文化 那須の歴史再発見!

◆那須町の地域文化遺産 vol.8
今回は、柏台開拓と「開拓」碑を紹介します。
柏台開拓は、終戦直後に那須村の未開墾地に入植した退役軍人らを中心とした開拓です。
終戦間もない昭和20年9月に設立された、「財団法人遺族、傷痍軍人保護並退職軍人職業補導会(総裁:東久邇宮稔彦王)」は、同年9月15日に陸軍次官より発せられた「帰農及開墾促進ニ関スル件」などに基づき、復員軍人らの帰農を促進し、募集を行いました。住宅と一町歩の耕地が与えられるということで、募集に応募した人々の一部が白河(福島県)の軍馬補充部残務整理事務所内の退役軍人補導部に集まり、旧軍馬補充部白河支部高津分厩地内放牧地に入植しました。これが柏台開拓の始まりです。
同年10月〜11月の間に地元入植者を含め33名が入植し、白坂(福島県白河市)の軍馬補充部厩舎を払下げ、解体・運搬・建築を行い住居を建設しました。
柏台の由来は、当地に柏の木が多く自生していたこと、軍人に縁深い、振武台(埼玉県朝霞市・陸軍予科学校があった)、相武台(神奈川県座間市・陸軍士官学校があった)、修武台(埼玉県狭山市/入間市・航空士官学校があった)の一字である「台」の字を加え、柏台と命名されました。
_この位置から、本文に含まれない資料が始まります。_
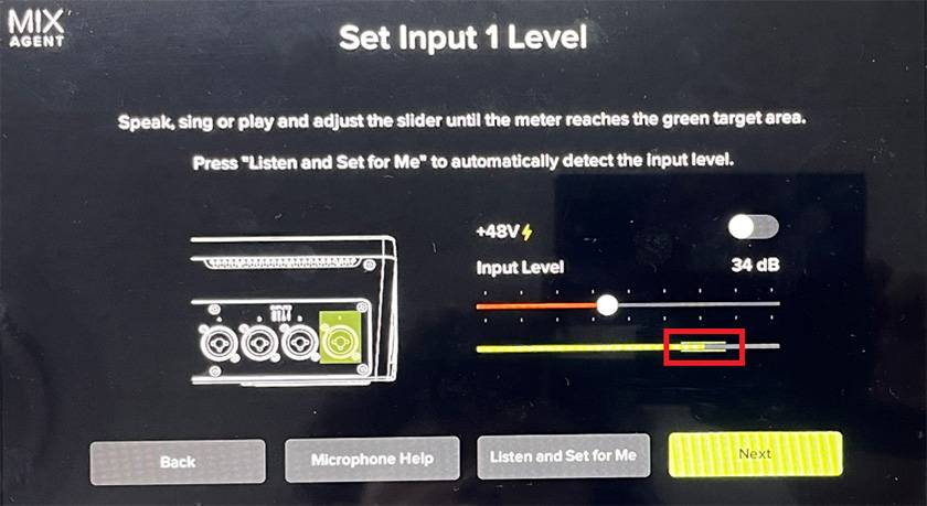 マイクでしゃべりながら、黄緑メーターが赤枠で囲んだ範囲に届くように、赤メーターのInput Levelを調整するだけで完了です。
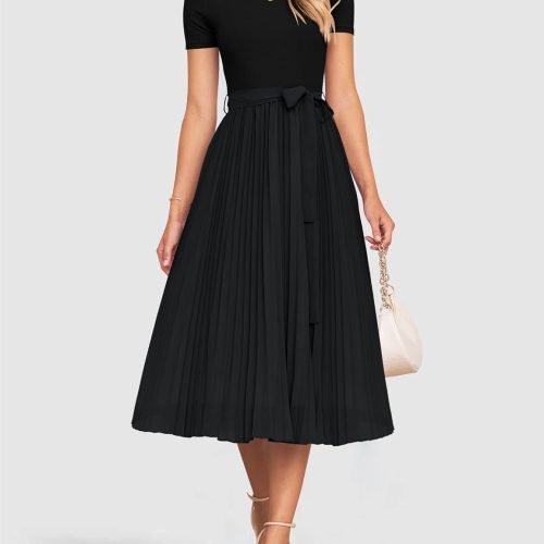 Womens Summer Short Sleeve Midi Dresses Spring Casual Crew Neck Knit Belted Pleated A Line Flowy Wedding Guest Dress
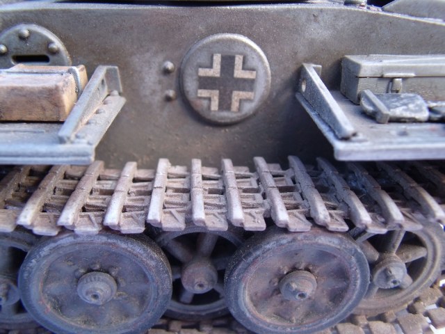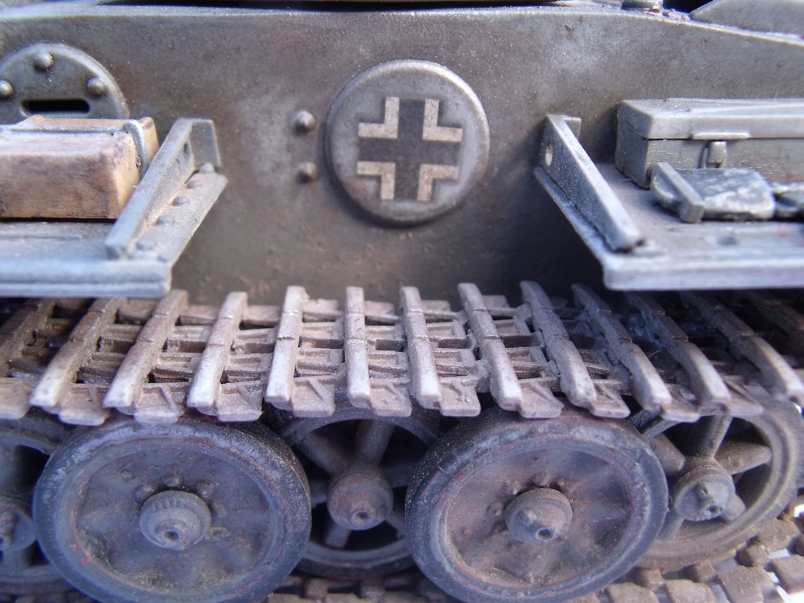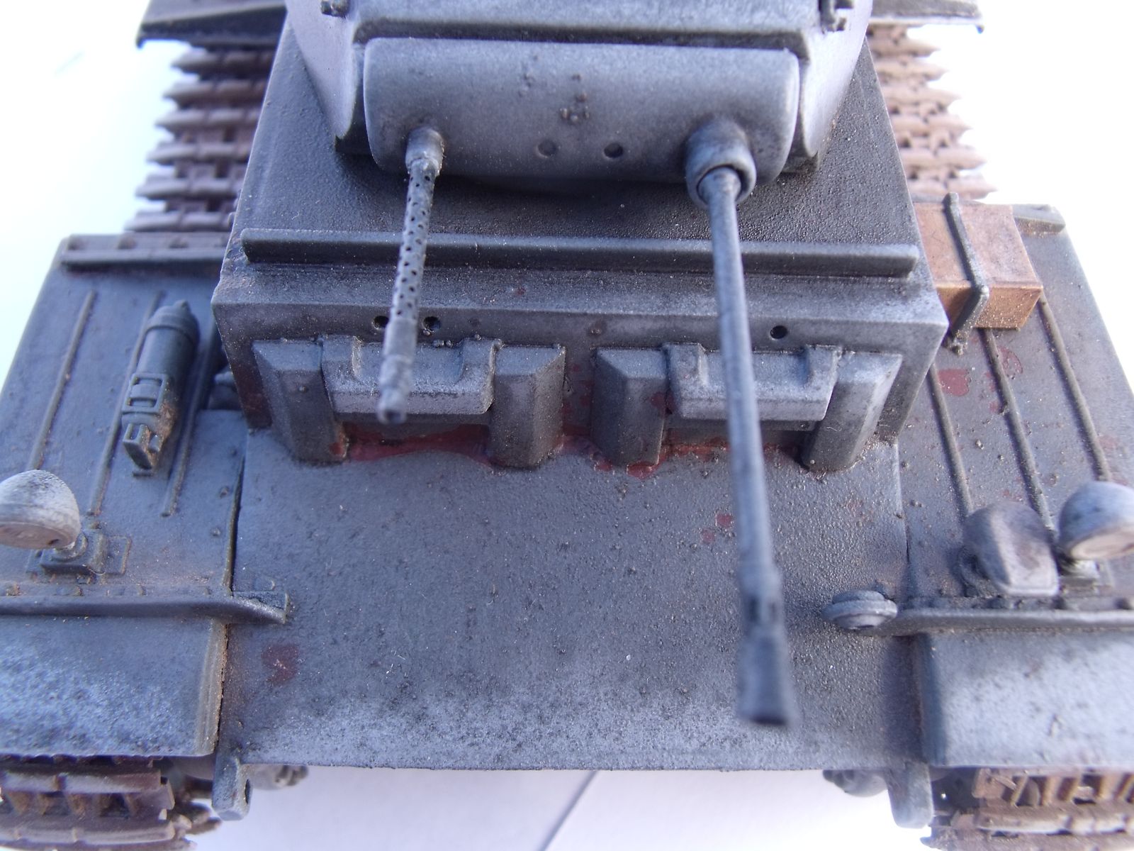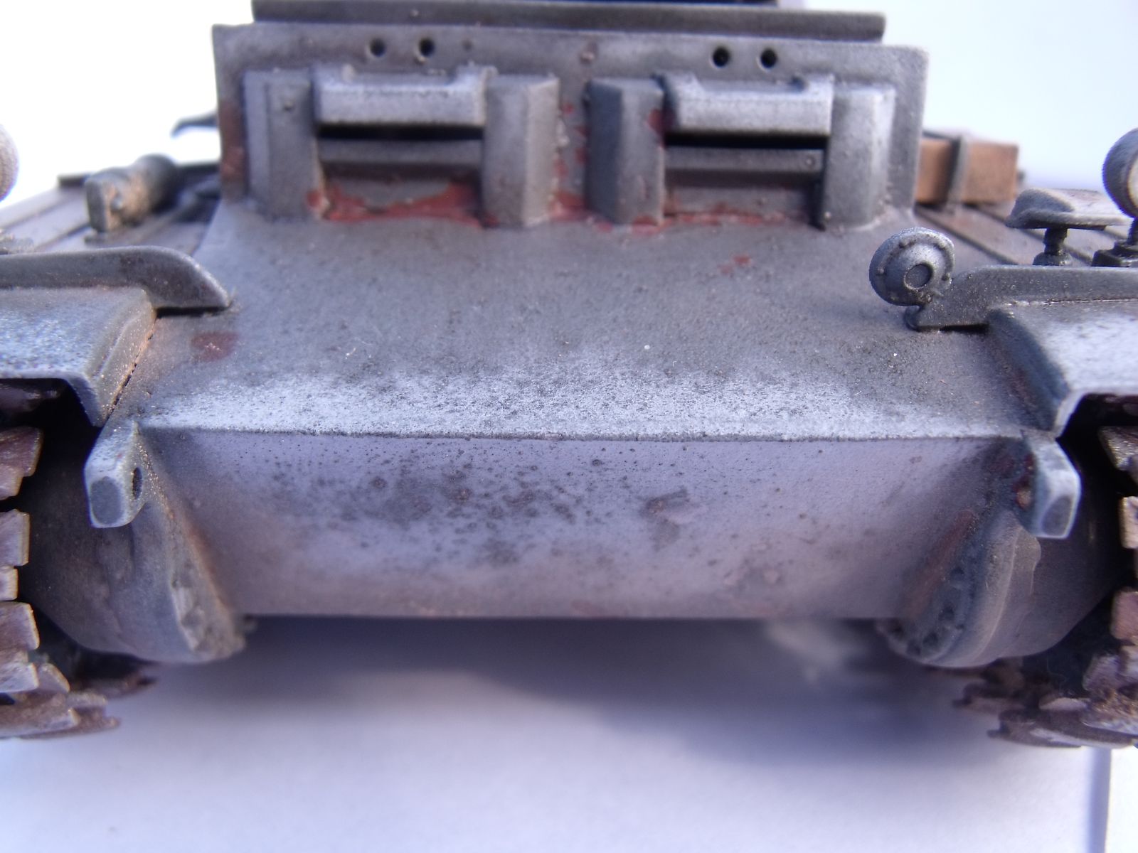 Как и у предыдущей модели ходовая хорошо вышла,беговые дорожки только металлом пройти,а вот на верху не понятны коричневые пятна.То-ли ржа,то-ли сколы,хотя и на то и на другое мало похожи.Пыль перед покраской наверное не убрали?С уважением.

入植の契機となった補導会は昭和21年に解散となりましたが、入植者らは昭和23年に柏台開拓農業協同組合を設立し、離農者・補充者もありながら営農を続けました。昭和47年時点の営農形態に関するデータには、田んぼ30.4ha、畑が40.9ha、樹園地が6.8ha、乳牛261頭、肉牛18頭、鶏1,750羽の営農形態とあり、特に戦後開拓地の中では大同、新高久、大日向に次ぐ田地の多さを誇りました。
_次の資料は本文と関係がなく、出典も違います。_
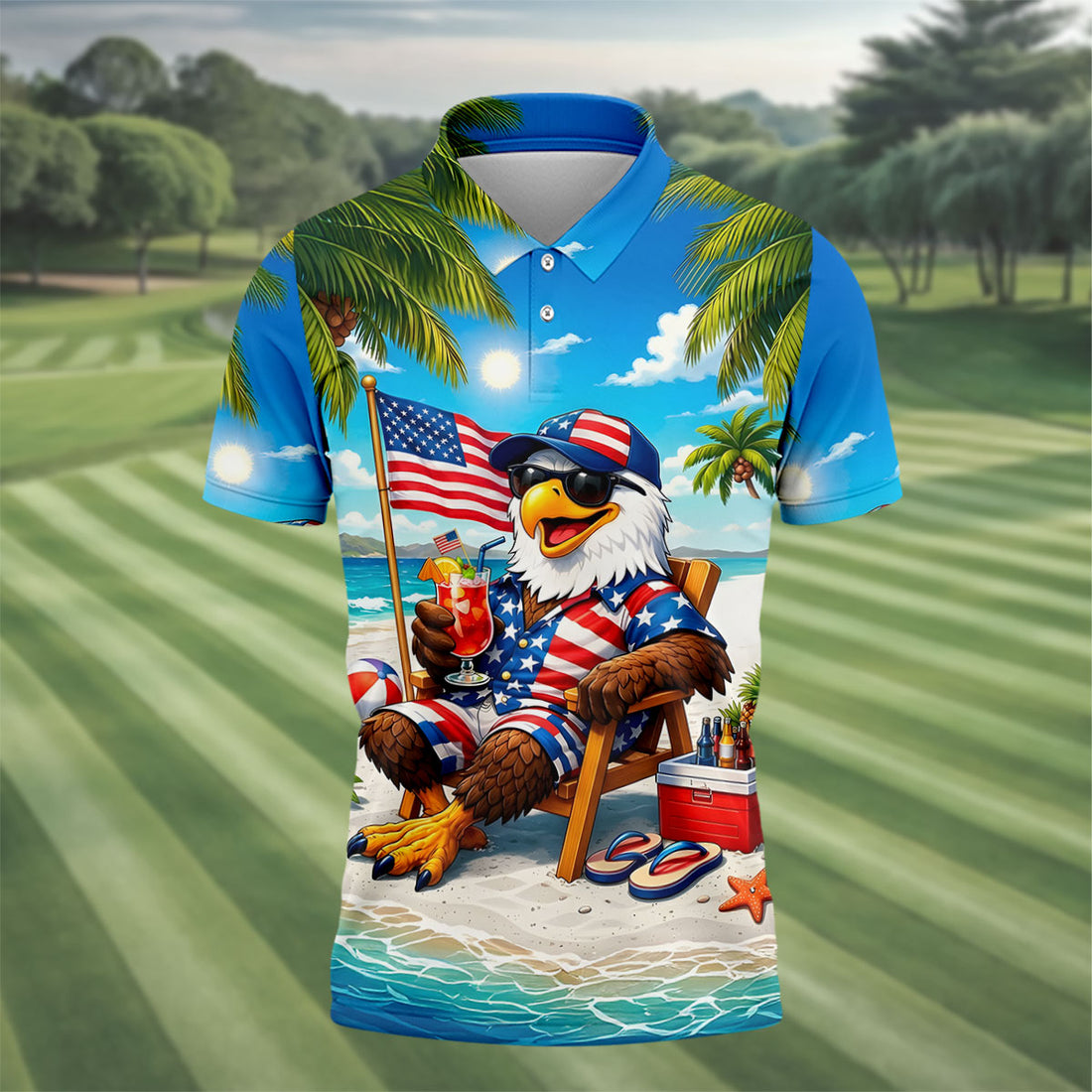 Funny Bald Eagle US Flag Pattern Hawaiian Golf Shirt, 250 Years Patriotic 4th Of July Golf Shirts For Men
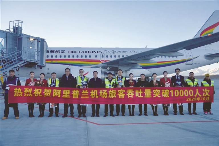 10月20日,西藏航空TV9705航班平稳降落在阿里普兰机场,作为阿里普兰机场2025年第10000名旅客,乘客果果在工作人员的掌声中走下飞机,接受机场工作人员敬献的哈达和鲜花。这一刻,是阿里普兰机场实现年旅客吞吐量“从千到万”的历史性跨越。
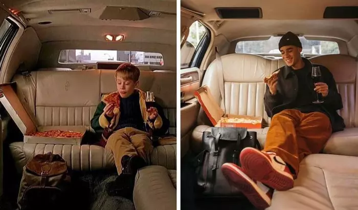21-летний футболист решил воссоздать эпизод, в котором главный герой Кевин МакКалистер ест пиццу и пьет колу на заднем сидении лимузина.
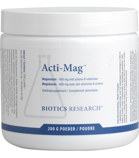Biotics Acti-Mag Poeder biedt een uitzonderlijk goede opneembaarheid en biologische beschikbaarheid van magnesium. Dankzij de krachtige synergetische formule die rijk is aan actieve B-vitamines, taurine en silicium, wordt de werking van magnesium optimaal ondersteund. Het bevat 400 mg elementaire ...

現在、柏台公民館前には開拓20周年を機に建立された「開拓」碑があります。碑文には「那須の荒野に身を投じ心中ひそかに祖国再建を希い不慣れの作業にも拘わらず只ガムシャラに働き続け」た人々の歴史が刻まれています。終戦後、銃を鍬に変えた人々の想いが碑には込められているのです。